Aku terkekeh mendengar aksen berbicara Bang Azka yang belum berubah sampai sekarang. Dengan segala rindu yang tak terbendung, segera kuraih Bang Azka yang sekarang lebih pendek dariku untuk kupeluk.
"Jangan peyuk-peyuk Papanya Cila!"
"Aw, aw." Aku sedikit meringis saat sebuah tangan mungil menjambak rambutku. Ah, kami baru sadar bahwa ada makhluk kecil yang menangkring di pundak Abangku ini.
"Gadis cantiknya siapa ini?" gemasku sembari mencoba mencubiti pipi gembul balita tersebut.
"Ini Sila, anakku sama Hani. Belum pernah Abang ceritain ya? Hehe, sengaja biar jadi kejutan."

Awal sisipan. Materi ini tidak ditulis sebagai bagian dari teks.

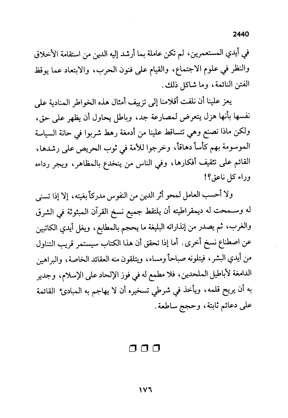ولا أحسب العامل لمحو أثر الدين من النفوس مدركاً بغيته، إلا إذا تسنى له وسمحت له ديمقراطيته أن يلتقط جميع نسخ القرآن المبثوثة في الشرق والغرب، ثم يصدر من إنذاراته البليغة ما يحجم بالمطابع، ويغل أيدي الكاتبين عن اصطناع نسخ أخرى. أما إذا تحقق أن هذا الكتاب سيستمر قريب التناول من أيدي البشر، فيتلونه صباحاً ومساء، ويتلقون منه العقائد الخاصة، والبراهين الدامغة لأباطيل الملحدين، فلا مطمع له في فوز الإلحاد على الإِسلام، وجدير به أن يريح قلمه، ويأخذ في شرطي تسخيره أن لا يهاجم به المبادئ القائمة على دعائم ثابتة، وحجج ساطعة.

Aku mendecak mendengarnya. Selama ini kukira Bang Azka masih berstatus pacaran sama Mbak Hani. Sampai-sampai sering kuejek bujang lapuk karena nggak dinikah-nikahin juga pacarnya. "Yaelah, kalau tau punya keponakan seimut ini, aku langsung pulang dari dulu, Bang," candaku sembari mencoba mencubiti lagi pipi Sila. Tentu saja gadis gembul itu malah merajuk.
"Udah ah, yuk, pulang dulu. Biar ngobrolnnya enak di sana. Kita udah nyiapin banyak makanan buat kamu, lho," ajak Bang Azka. Aku pun mengangguk.
"Gimana? Bang Azka masih bercita-cita jadi pilot nggak?" tanyaku random sembari menunjukkan banner yang tadi dipegang Bang Azka.
"Hehe. Udah jadi pilot kok. Pilot di kehidupan sendiri selama 10 tahun ini. Sekarang udah siap-siap mau mendarat nih."
"Kenapa mendarat sekarang, Bang?"
"Biar nggak lupa daratan," canda Bang Azka garing. Namun tetap saja aku ikut menertawai jokes bapak-bapaknya itu. Setidaknya, aku menikmati pertemuan ini. Pertemuan setelah perpisahan yang panjang memang tidak pernah mengecewakan rasanya.